Tuesday, September 13, 2016
The Dead and Empty World Part 1
I haven't read any of Carrie Ryan's Forest of Hands and Teeth books for a couple of years. They faded in my mind. I knew I enjoyed them, but I couldn't remember specifics. I was reminded with this wonderful compilation of stories from the same world. Carrie Ryan is an amazing writer that doesn't dumb down or censor her stories for her young adult audience. In a post-apocalyptic situation, teens have just as many hard decisions, traumatic experiences, and interactions with the undead as adults do. Since I have a lot to say about all the stories, I'm splitting them up into different posts so it isn't insanely long.
* Flotsam and Jetsam
This story examines what it's like to be trapped on a raft with someone you don't particularly like who has been bitten by a zombie. Jeremy pretends he hasn't been bitten and tries to act as normal as possible. Everyone knows, including our main character, that when someone is bitten they will turn and they will have to be killed. Both characters are in denial about the situation because it's will always be hard to kill someone even if they are a zombie that will eat your brains. I loved what happened in the end because it is so human yet unexpected. With shows like The Walking Dead, everyone in the zombie apocalypse is expected to kill their zombified loved ones or acquaintances with no emotional reaction.

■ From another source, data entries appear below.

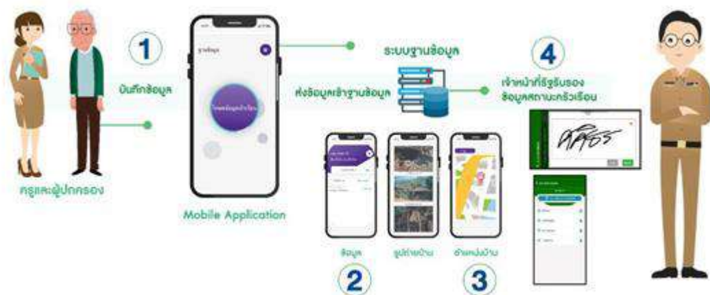
แผนภาพที่ 1 ขั้นตอนการคัดกรองนักเรียนทุนเสมอภาค

หมายเหตุ : กรณีที่พิกาศัยของนักเรียนอยู่ต่างจังหวัด/ต่างประเทศ หรือไม่ได้รับอนุญาตให้ถ่ายภาพ อนุโลมให้ถ่ายภาพนักเรียนคู่กับป้ายชื่อสถานศึกษา
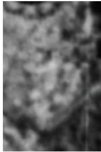
Le bas du clocher en 1952 et la sculpture en détail

À la gauche du Sacré-Cœur, on distingue également ce qui semble être une petite tombe garnie de fleurs ou d'ornements comme il y en a encore aujourd'hui à l'endroit de sépultures 3 , tel l'exemple ci-dessous.
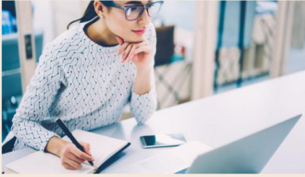
Si existe una respuesta casi concertada a la pregunta de cómo podríamos cambiar el mundo, siempre escucharemos la misma respuesta: a través de la educación.

Si existe una respuesta casi concertada a la pregunta de cómo podríamos cambiar el mundo, siempre escucharemos la misma respuesta: a través de la educación.
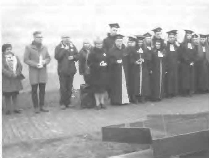
Am Gedenkstein auf dem Areal des früheren jüdischen Friedhofs mit Schülern der Gesamtschule Nr. 2 in festlicher Schulkleidung
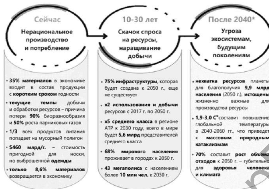
Рисунок 1 — Сценарий при использовании текущей модели производства и потребления

Циркулярная экономика — это экономическая деятельность, направленная на энергосбережение, регенеративное экологически чистое производство, обращение и потребление [2].
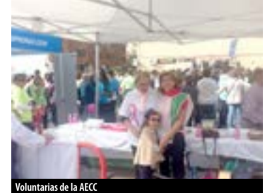
Voluntarios de la AECC
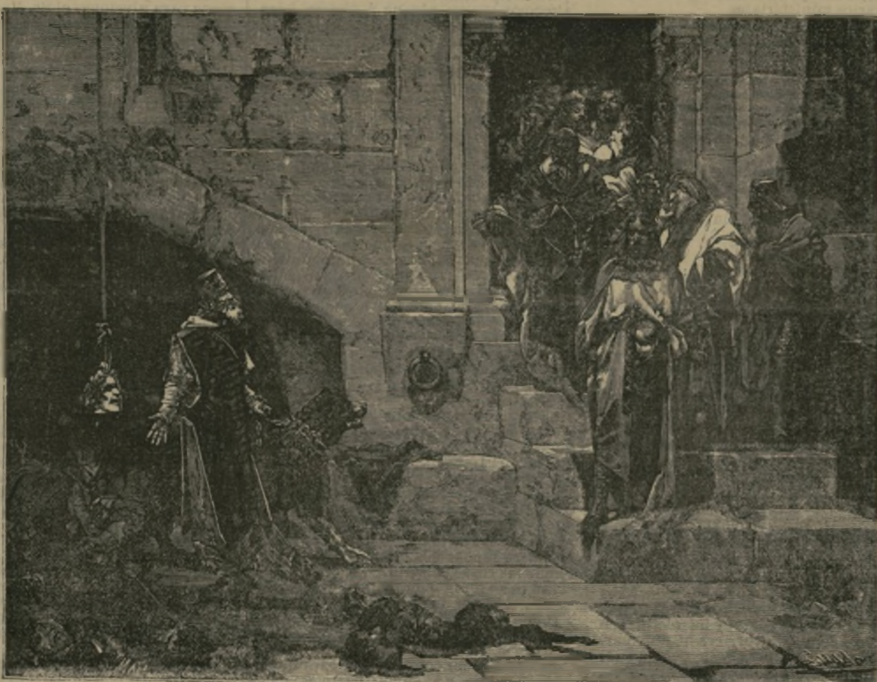
La campana de Huesca.

Durante el año último se han abierto a la explotación en la República Argentina, nada menos que 1.208 millas de vías férreas (cerca de 2.000 kilómetros), de las cuales 382 millas son de ferrocarriles garantizados por el gobierno. Las Compañías ferrocarrileras han sometido además al gobierno 472 planos que fueron debidamente examinados y aprobados por el inspector general, firmándose contratos para los ferrocarriles que apuntamos a continuación: 1) de Carlot a Rio Cuarto; 2) de Rosario a Lincoln, Pigué y General Acha; 3) de Paraná a Monte Caseros; 4) de Tinogasta a Chile; 5) de Plaza Constitución a Arroyo Morales; 6) de Junín a Bolivia; 7) de Zárate a la Boca; 8) de Campanas a Pilar; y 9) de Chicleto a Famatina. Respecto a los ferrocarriles garantizados de la República, se dice que el Estado ha pagado, hasta la fecha, más de 18.000.000 pesos en oro, en cumplimiento de sus obligaciones de garantía.
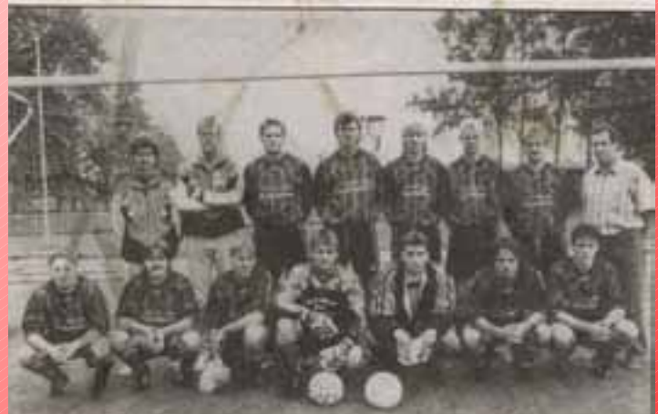
Spielserie 1996/1997 – 4. Platz
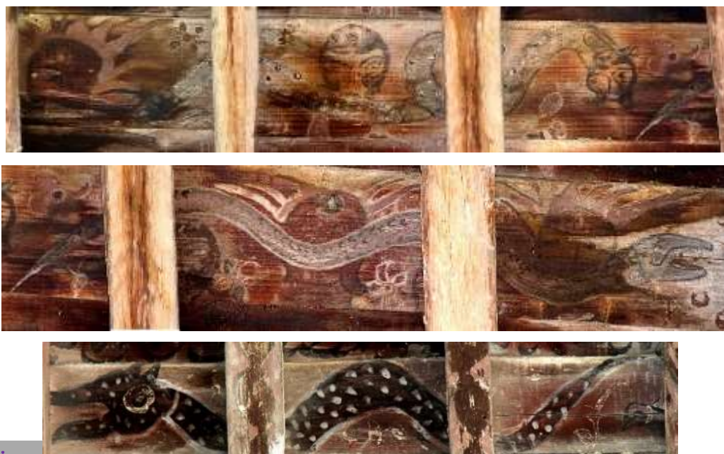
پیرسر بناهای قاجاری گرگان

در میان نقوش خانه دروکی (تصویر ۱۴)، تصویر تکرار شونده مار که با حرکتی موجی شکل بدن که موج آب را تداعی کرده و نشانگر همبستگی‌اش با برکت، بارندگی و پاییدن آب است. جهت حرکت این مارها در قالب نواری افقی که رودی خروشان را تداعی می‌کند، کل سطح زیر سقف را می‌پیماید. بدن این مار با شاخی که بر فراز سر دارد، نماد و حافظ آب است. شاخ، خود سمبل و نمادی از هلال ماه است و ماه که حرکاتش سبب جزر و مد آب‌هاست، در فرهنگ‌های مختلف همواره با آب پیوند دارد (رحیم‌زاده، ۱۳۸۲: ۲۲۵).
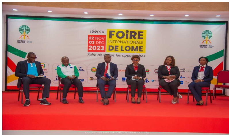
Une vue des panélistes

La gamme élargie de ses produits et services ne cesse de séduire la clientèle, en particulier les différents comptes d'épargne accessibles à toutes les bourses, à savoir EPARGNE CORIS, CORIS KID, CORIS DADA, CORIS KDO, CORIS LEADER, CORIS DIASPORA et CORIS ACADEMIA ; mais également des crédits à des taux très attractifs, dont le Prêt fêtes à Taux zéro, qui est actuellement en cours jusqu'au 31 janvier 2023. On note également sa solution de Monnaie Electronique " Coris Money " déployée depuis le mois de juillet dernier et la finance participative, à travers sa solution de Finance

The main character resents Jeremy because they were never friends and none of his actual friends made it out alive. He asks Jeremy uncomfortable questions and can be cruel. They find comfort in each other because they are all that remain of their lives. It's the same reason why they keep their raft close to the ship they left even though all that remains on it are the living dead; it's the only familiar thing on a vast ocean in a world that is unrecognizable.
* Scenic Route
Margie and Sally guard a cabin that they've made safe together and spend their days planning road trips to places they will never go using well worn guidebooks. Margie, as the older sister, is very protective of Sally and sometimes underestimates her ability to handle the reality of living in a post-apocalyptic situation. They love each other dearly and would do anything for each other. It's just the two of them against the whole world. This story examines humans as monsters instead of zombies. Bandits in the area take what they want including people, treating them as possessions. Then a young man named Calvin arrives and wins over their trust over some weeks. This story shows how people can be monstrous, but have different reasons, casting people in shades of grey rather than black and white. I loved the ending because hope and humanity are still alive. It's easy to lose humanity in a setting like this, fighting for your survival against inhuman and human monsters alike.